Relative proportions of CCGG methylation state (mCmCGG, CmCGG, CCGG and mCCGG/i-CmCGG) in 724 MSAP loci of cultivars in the five EAHB morphological groups

Geographic epigenetic differentiation of genetically identical EAHB populations

As DNA methylation patterns only vary slightly between morphological groups, we considered what other factors might explain the epigenetic differentiation in EAHB. We considered the possibility of underlying epigenetic population structure not relating to morphology within the sampled bananas. Hence, we analysed the populations with Structure (Pritchard et al. 2010), assigning each cultivar to (epi)-populations (K), identified as migrants or admixed using MSAP multilocus genotype data independent of prior population information (Pritchard et al. 2000). The optimal number of Ks (1–10) was determined to be K = 5 (Fig. 4a) using both methylation-susceptible loci (MSL) and non-methylated loci (NML) datasets, as described in Methods. This resolved two groups indicative of the Dessert bananas and the Plantains, a group present in all groups except the Plantains (particularly in sample 61), and two groups that clustered according to whether the samples were taken from the Kenyan or Ugandan sites (Fig. 4b). We conclude that genetically near-identical EAHB cultivars are epigenetically distinguished on the basis of DNA methylation patterns that are associated with the two geographic regions (Uganda vs Kenya) from which they were sampled. To reflect this, outgroup 1, an EAHB from the Kenyan site of Unknown morphological grouping, was reclassified as part of the 90 cultivars, which henceforth are distinguished on the basis of sampling origin.

Fig. 4
figure 4

Epigenetic population structure and PCA of the EAHB. a Evanno test for determining the number of populations within the MSAFLP loci, b population structure was evaluated using STRUCTURE v2.3.3

To further investigate the DNA methylation patterns in the five EAHB morphological groups, we generated a covariance matrix of their respective methylation profiles to perform between-group Eigen analysis (BPCA), with groups assigned based on the origin of the sample (Fig. 5). The first two axes of the BPCA for the MSL accounted for 82.9% of the total inertia between groups (Fig. 5a) while the first two axes of the BPCA for the NML summarized 97.2% of the inertia.
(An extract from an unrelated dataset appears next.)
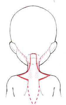 5、我们要用和脖子宽度一样的幅度来描绘后脖颈,并用类似于木碗一样的曲线在耳朵上描绘出发际线。然后再画出淡淡的肩胛骨的线条,并对肩部周围进行调整,完成描绘。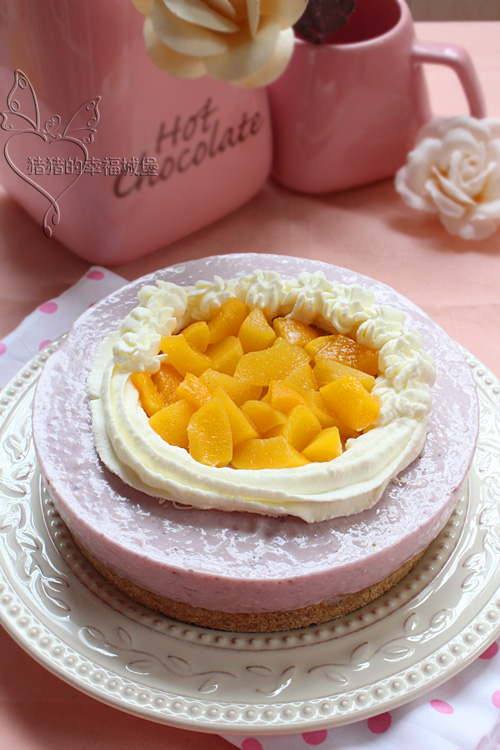 及以下步骤:搅拌至顺滑无颗粒。 放入白糖和蓝莓酱搅拌均匀。 倒入酸奶,搅拌至均匀顺滑。 吉利丁片泡软后隔温水融化。 倒入奶酪糊中搅拌均匀。 把搅拌好的奶酪糊倒入放了饼干底的模具内,放冰箱冷藏4小时以上。 冷藏好的芝士蛋糕脱模。 淡奶油加糖打发。 用淡奶油和黄桃装饰芝士蛋糕表面。 用淡奶油和黄桃装饰芝士蛋糕表面。

In terms of the inertia of the PCoAs i.e. the variance both between and within groups; the MSL BPCA accounted for 21.6% of total inertia in the MSL, while the NML BPCA accounted for 49.2%. The MSL displayed separation of the two sampling sites along the first principal component and separation of the outgroups from the EAHBs along the second, while the NML only distinguished the outgroups from the EAHBs along its first two principal components (Fig. 5b). Comparisons of the methylated and non-methylated profiles between the sampling sites showed epigenetic differentiation (as measured by φst values), albeit with greater distance between the EAHB sites and the outgroups than within the EAHBs, while the NML showed very short distances between the EAHBs and considerable distances between the EAHBs and the outgroups (as well as between the two outgroups) (Table 1b). In contrast, the φst values for the morphological groups show little distance between themselves in either the MSL or NML, and very little significance in the comparisons measuring this distance. Distances between the morphological groups and the outgroups show significantly longer distances between the NML of the morphological groups and outgroups than the MSL. The unknown outgroup shows shorter and insignificant distance from the morphological groups, showing evidence it belongs among these groups. Dessert bananas and plantains are of roughly equivalent distance in the NML, but plantains show greater distance in the MSL profiles.

Fig. 5
figure 5

Between-group Eigen analysis (BPCA) based on the a MSL, b NML of the EAHB sampling sites (Kenya and Uganda) and outgroups (AAA—dessert banana, labelled as ‘O3’, and AAB—plantain, labelled as ‘O2’). Component 1 and Component 2 values show the contribution of the two principal components, summarizing the total variance of each data set

Table 1 Pairwise φ-ST values of MSL and NML comparing methylation-sensitive and methylation-insensitive differentiation among (a) the EAHB morphological groups and (b) the sampling site, with outgroups denoted as distinct from the sites

Epigenetically divergent genetic clones and selection of East African Highland banana cultivars

Heritable epigenetic modifications can have morphological, physiological and ecological consequences, including across generations and geographies. Our previous studies have shown that EAHBs are genetically uniform, arising from a single ancestral clone that has since been vegetatively propagated and gave rise to the morphology-based EAHB germplasm collections that exist today (Kitavi et al. 2016). The morphological characteristics that differentiate EAHB cultivars must likely arise as a result of somaclonal mutations, mitotically inherited epigenetic mutations and/or genotype-by-environment (or epigenotype-by-environment) interactions. The epigenetic variation we have detected across the different EAHB cultivars (which are near isogenic) raises the possibility that heritable epigenetic mutations could be the source of phenotypic variation for new EAHB cultivars selected by farmers.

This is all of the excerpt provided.